8. An isolated polynucleotide from coryneform bacteria containing a polynucleotide sequence coding for the NuoW gene, which is chosen from the group

a) a polynucleotide that is at least 70% identical with a polynucleotide that codes for a polypeptide that contains the amino acid sequence of SEQ ID No. 16,

b) a polynucleotide that codes for a polypeptide that contains an amino acid sequence that is at least 70% identical to the amino acid sequence of SEQ ID No. 16,

c) a polynucleotide that is complementary to the polynucleotides of a) or b), and

d) a polynucleotide containing at least 15 successive nucleotides of the polynucleotide sequence of a), b) or c),

where the polypeptide preferably has the activity of the NADH dehydrogenase subunit W.

9. A method for producing metabolic products, which is characterized by the fact that the following steps are carried out:

a) fermentation of the bacteria producing the desired metabolic product, in which one or more of the genes chosen from the group ctaD, ctaE, qcrC, qcrA, qcrB, nuoU, nuoV and nuoW is weakened or enhanced.

b) enrichment of the desired metabolic products in a medium or in the cells of the bacteria, and

c) isolation of the metabolic products.

10. A method as in claim 9, which is characterized by the fact that the metabolic product is an amino acid chosen from the group L-asparagine, L-threonine, L-serine, L-glutamate, L-glycine, L-alanine, L-cysteine, L-valine, L-methionine, L-isoleucine, L-leucine, L-tyrosine, L-phenylalanine, L-histidine, L-lysine, L-tryptophan, L-arginine.

11. A method as in claim 9, which is characterized by the fact that the metabolic product is an organic acid, preferably chosen from the group acetic acid, citric acid, isocitric acid, lactic acid, succinic acid, fumaric acid, ketoglutaric acid, pyrotartaric acid and malic acid.

12. A method as in claim 9, which is characterized by the fact that the metabolic product is a vitamin.

13. A method as in claim 9, which is characterized by the fact that the metabolic product is a nucleoside or nucleotide.

14. A method as in claim 9, which is characterized by the fact that the metabolic product is a mono- or polyhydric alcohol.

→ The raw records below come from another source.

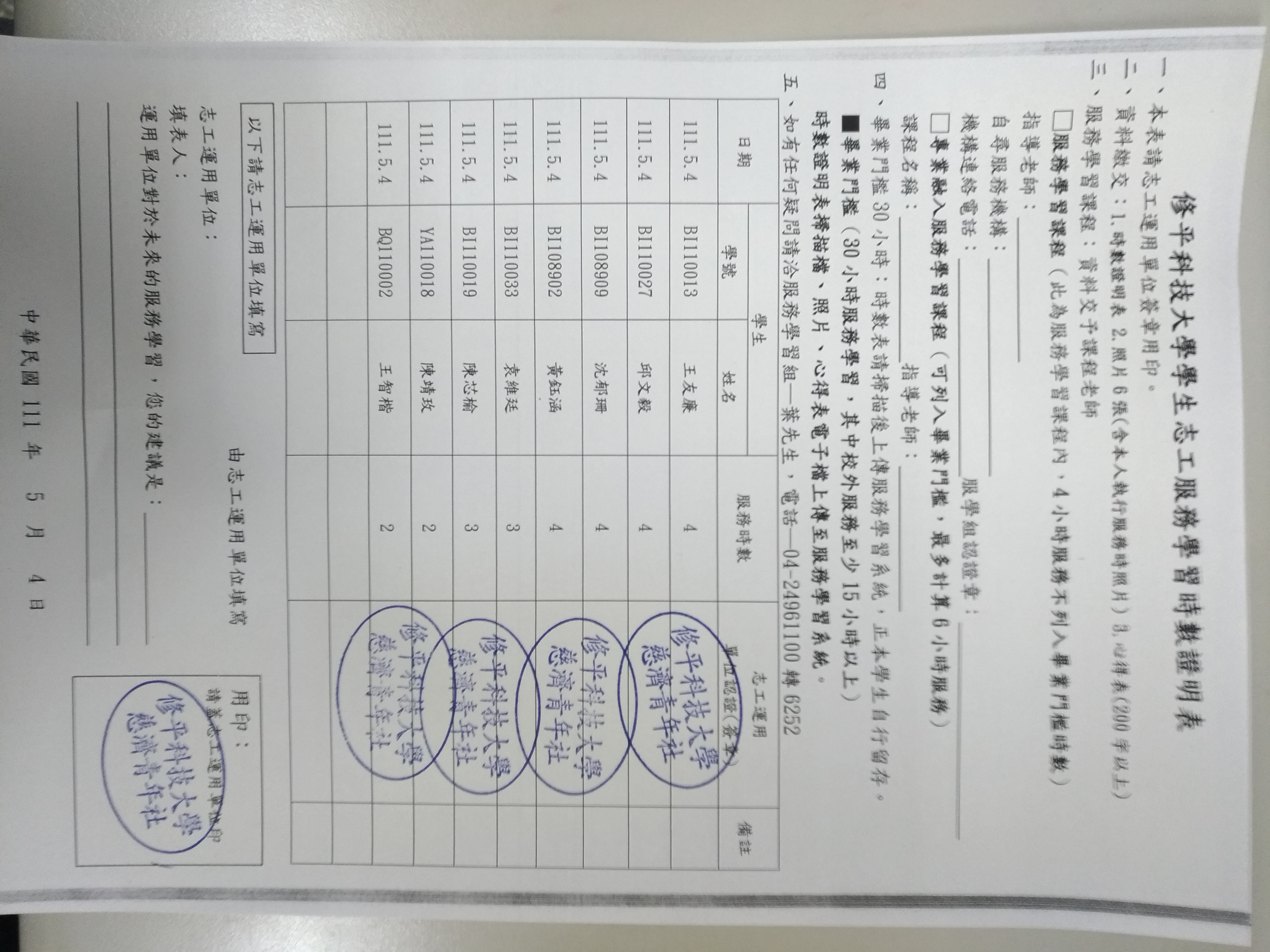 需由SIS進入上傳時數表,心得表及照片, 心得表請同時emai到 ssching@hust.edu.tw 主旨: xxxxx20220504務學習心得,xxxxx為學號姓名
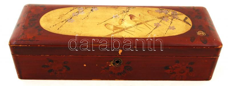 Beschreibung: Lakkozott kínai fadoboz, fedelén madaras díszítéssel, az alján lepattanásokkal, jelzett, 30×10,5×7,5 cm
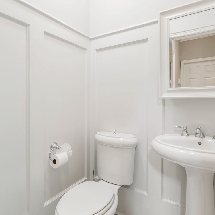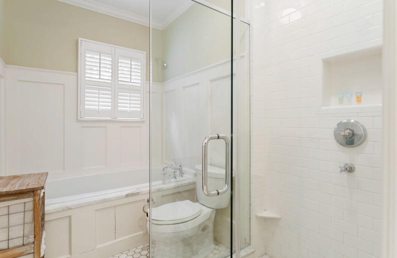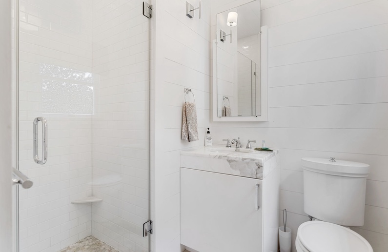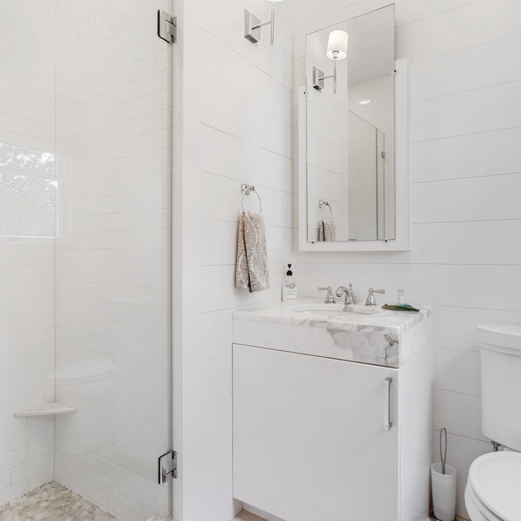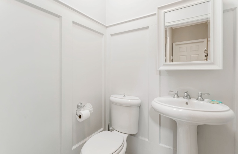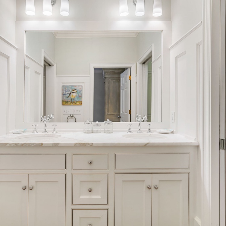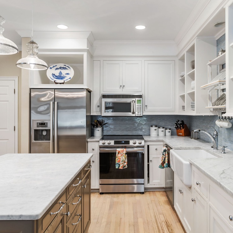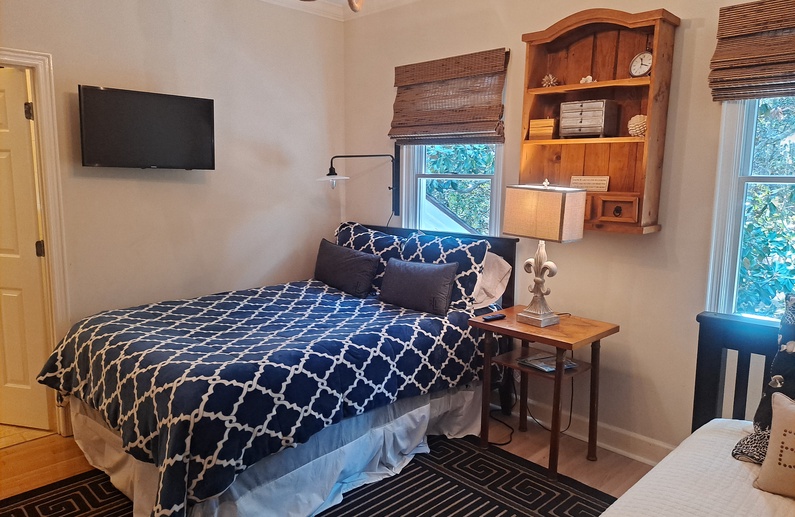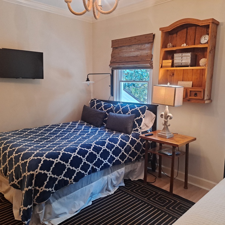 The semi-detached home exudes Southern charm with its double front porches, soothing color palette, coastal casual furnishings, and hardwood floors. The open and airy main floor allows easy flow between the living room, kitchen, and dining area. The living room offers comfortable seating, a large wall-mounted flat-screen TV, and access to the side deck. The dining area is open to the kitchen, featuring a long table with chairs and a bench seat. The light and bright kitchen is highlighted by white cabinetry, marble countertops, stainless steel appliances, a farmhouse apron sink, glass tile backsplash, and an island with bar stool seating.

15. A method for detecting RNA, cDNA and DNA in order to isolate nucleic acids, or polynucleotides or genes, which is characterized by the fact that the polynucleotide sequences in accordance with claims 1 to 8 are used as hybridization probes.

16. A method as in claim 15, which is characterized by the fact that the hybridization is carried out under stringency corresponding to a maximum of 2×SSC.